» **RECORDS FOR THE TASK**
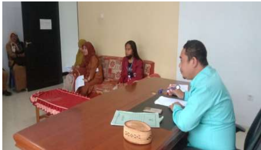
Gambar 4: Pemaparan Program Inti dan Program Tambahan Mahasiswa KKN Membangun dengan Aparat Desa dan Karang Taruna

Dalam kegiatan ini, mahasiswa berdiskusi dengan aparat desa dan karang taruna kiranya program tambahan apa saja yang dapat dilakukan oleh mahasiswa KKN untuk bisa memberikan penguatan terhadap pengembangan desa dan mengimbangi program inti yang akan dilaksanakan oleh mahasiswa KKN selama di lokasi KKN. Terlebih lagi, kegiatan tambahan yang akan dilaksanakan oleh mahasiswa dalam pengembangan desa Lamahu.
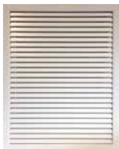
Grille de reprise T.One® AquaAIR/T.One® AIR
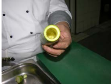
Resim 32: İçi alınmış kabak
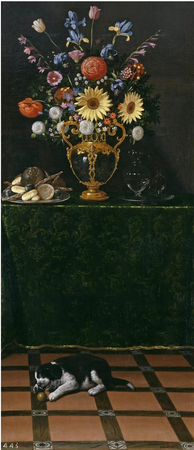
Fig. 2. Juan van der Hamen y León, Bodegón con florero y cachorro , ca. 1625. Madrid, Museo Nacional del Prado (n.º inv. P004158).

Retiro, y algunas de las cuales, como los Bodegones con perro de Van der Hamen (Figs. 2 y 3), fueron llevadas al Real Alcázar de Madrid, en donde figuraban en el inventario de 1666, en la habitación en la que el rey cenaba 20 . Asimismo, Peter Cherry propuso, muy acertadamente, que todas ellas se destinaron seguramente a la decoración del Alcázar, pero no tenía muy claro si fueron compradas por Felipe IV, o le fueron regaladas 21 .

» **ASSIGNED TASK**
Only the lines above that hold "Madrid" are wanted. Show every one of them.

» **RESULT OF THIS EXERCISE**
Fig. 2. Juan van der Hamen y León, Bodegón con florero y cachorro , ca. 1625. Madrid, Museo Nacional del Prado (n.º inv. P004158).
Retiro, y algunas de las cuales, como los Bodegones con perro de Van der Hamen (Figs. 2 y 3), fueron llevadas al Real Alcázar de Madrid, en donde figuraban en el inventario de 1666, en la habitación en la que el rey cenaba 20 . Asimismo, Peter Cherry propuso, muy acertadamente, que todas ellas se destinaron seguramente a la decoración del Alcázar, pero no tenía muy claro si fueron compradas por Felipe IV, o le fueron regaladas 21 .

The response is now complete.